# How to attach to a wall



## Derakon (Jun 19, 2012)

I'd like to make some shelves that attach directly to studs in the wall, but I'd like to not have any screws or nails showing in the piece, if possible. That would seem to require some kind of "hanging" mechanism (where there's a hook mounted on the wall, and the piece hangs from the hook), but I don't know how to go about designing something along those lines, especially since I'd want the piece to be flush with the wall and, ideally, fairly immobile. Not because I expect the shelves to take a lot of load, just because it'd seem sloppy otherwise. Does anyone have any advice?

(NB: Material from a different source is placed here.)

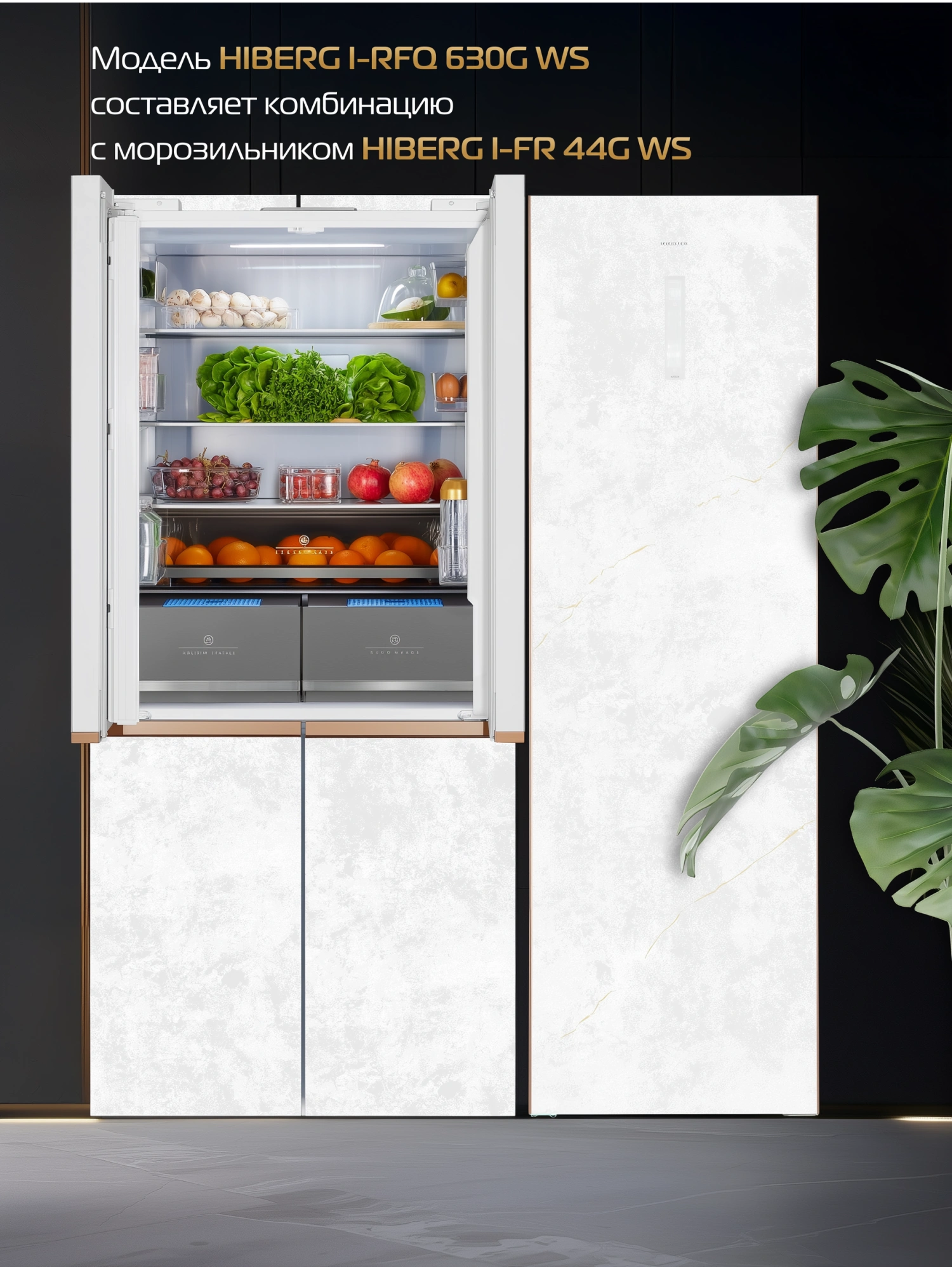 - Холодильник HIBERG i-RFQ 630G WS и морозильник HIBERG i-FR 44G WS выполнены в едином FAMILY-дизайне, что позволяет им формировать гармоничный тандем и создавать визуально цельную, технологичную кухонную зону. Обе модели оформлены в стеклянных фасадах цвета белого мрамора, дополнены интегрированными металлическими ручками и цветными сенсорными дисплеями. Такая стилистическая синхронность подчёркивает характер бренда HIBERG и делает интерьер современным, лаконичным и удобным в повседневном использовании.

The only idea I've had so far would be to route out a slot in the edge of a board, then glue in a thin strip over most of the slot, which would create an area that could be hooked into. I still don't know how the hook itself would work though.


----------



## AandCstyle (Mar 21, 2012)

Google "french cleat", then ask any questions you still have. HTH


----------



## RRBOU (Feb 15, 2012)

I just completed some floating shelf's that were 24" long and 6" wide. I used sliding dove tails. This worked very well and they are very sturdy. I put the pins on the outer part of the shelf and then counter sunk the screw in the grove of the 1-1/2" inside portion of the shelf.


----------



## Derakon (Jun 19, 2012)

AandCstyle: thanks! Sometimes the problem is just not knowing the terminology…carpentry's had a long time to come up with different ways of naming things. 

RRBOU: that also sounds like it'd work well. I haven't done any dovetail work yet, though I do have the appropriate bit for my router.


----------



## woodworm (Jul 27, 2008)

Derakon, The french cleat looks like this:


----------



## waho6o9 (May 6, 2011)

+1 for the French cleat.

Nice diagram Woodworm.


----------



## woodworm (Jul 27, 2008)

Waho609, I should not get the credit for the diagram - I copied it from the web coz I could not paste the link.


----------



## woody123 (May 7, 2009)

+2 for the French cleat. The screws that hold the cleat to the wall can be plugged with decorative wood plugs.
I have a couple of shelves and cabinets around my house hung this way. They are very strong.
Just my .02


----------



## GrandpaLen (Mar 6, 2012)

Welcome to LumberJocks , a world of advise, opinions, and experiences, all shared without judgement.

If it's not a heavy shelving unit nor a heavy load you can use a 'key hole' router bit and this will hide your hanging solutions.

I have used this method on several 3 and 4 shelf units for Knick Knacks and DVD/CD storage, wieghing up to 25 - 30 lbs.

You will want to make the slot with the plunge hole at the bottum, (think tear drop shape) in the style frame. You can also make horizontal slots shaped like a dog bone, in the rail frame. - Len


----------